I once spent a summer in the town of Springhill in northern Florida, where a poor Irish couple living in a trailer cherished two faded brown photographs of a church in Co Mayo, taken 60 years earlier. Every Tuesday they would dress up in garishly patterned trousers and shirts, eat burgers in the local senior citizens' club, and spend the afternoon playing bingo. They showed me photographs of their St Patrick's Day party, as the pair of them waltzed around a ballroom in green hats.
The world is full of wanderers, refugees, people displaced or stateless, in hiding or on the run. Everyone is in search of a new beginning. But like children, everyone wants to go home.
Those who don't make it home, who get stranded in the wrong town, camp or ghetto, sometimes end up like geese blown off course in a storm; parading up and down a foreign street, preening feathers, and making strange noises.
There must be hundreds of thousands of human beings flying through the air at any single moment. And there are only two directions. You're either leaving home or going home.
In Co Leitrim, I've seen long grass swallow tyres, children's toys, giant coal carts, and even a Volkswagen Polo. There's something in the earth which enfolds us, and holds us, and sucks us in. Nobody can ever forget the place they were born. Everybody is haunted by the name of some far-off townland, or the song of some particular river. Being born makes a difference.
Years ago I was parked beside a lake, in an old Renault 16, when a gawky boy approached, and stuck his nose in the passenger window, and said in a strong country accent: "Be jeepers, she's sittin' very low on the ground. She must have a spring gawn in the back." His parents were German, but there was no doubt that Co Leitrim would never let him go.

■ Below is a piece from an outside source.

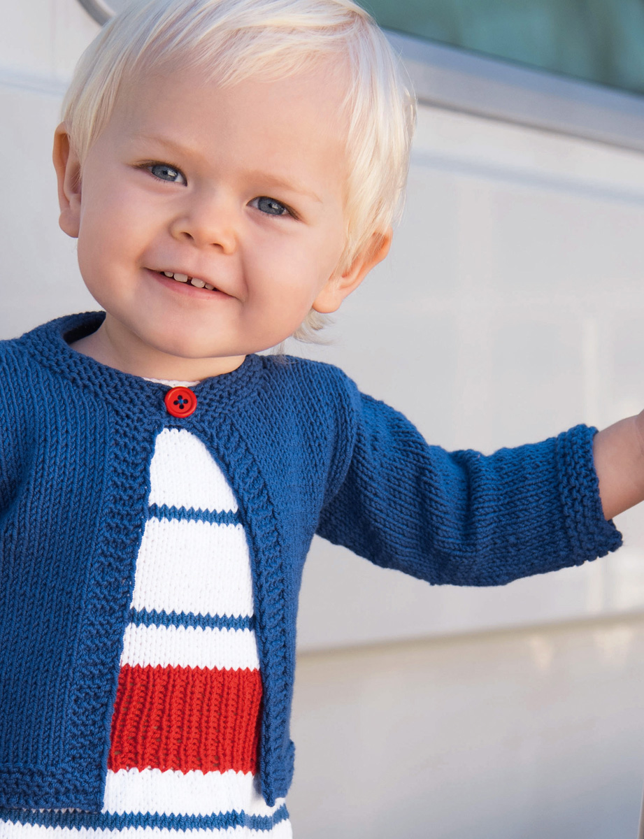 Lana Grossa Elastico (96 % katoen, 4 % polyester, looplengte 160 m/50 g) 100 (100/150) g royal (kl. 114); breinaalden nr. 4, een 40 cm lange rondbreinld. nr. 4, haaknaald nr. 3,5; een knoop met 15 mm Ø

Every week I travel in my beautiful Pajero to Cavan, the town where I was born. I have chips in the Roma Cafe on Bridge Street, which is next door to the house where my granny once lived. She used to have a large amber-coloured glass sugar bowl, like an Ardagh Chalice on the centre of the table, and when I went to visit her sometimes, after school, she would cut a thick slice of bread, spread warm butter on it and then sprinkle it with sugar from the bowl.
The staff in the Roma Cafe were not born when Granny fed me sugar. But they make dough for the pizzas, and they have great fun with the customers. They are young men,from far-flung European villages and cities, who have come to make chips on Bridge Street.
Going to Cavan I track the blossoming of daffodils, and other flowers. I keep a watchful eye on chestnut trees, and hedgerows for signs of distending shoots. And I can trace a line of ancestors through the graveyards where old men lie, and churches where young girls once blushed with bridal innocence and joy.
Coming back to Mullingar, I pass through Castlepollard, where my grandmother was born. I pass a house where a grand-aunt saw a ghost one night, about 100 years ago.
My weekly trip to Cavan is a ritual, which mirrors the coming of swallows and the return of the salmon, because each week, I too return to the beginning.
I've never been a great fan of the St Patrick's Day parade. But I know that for many in Mullingar tomorrow will be a great day, of preening feathers and making strange noises, and marching on a street that for some is strange, and for others is home.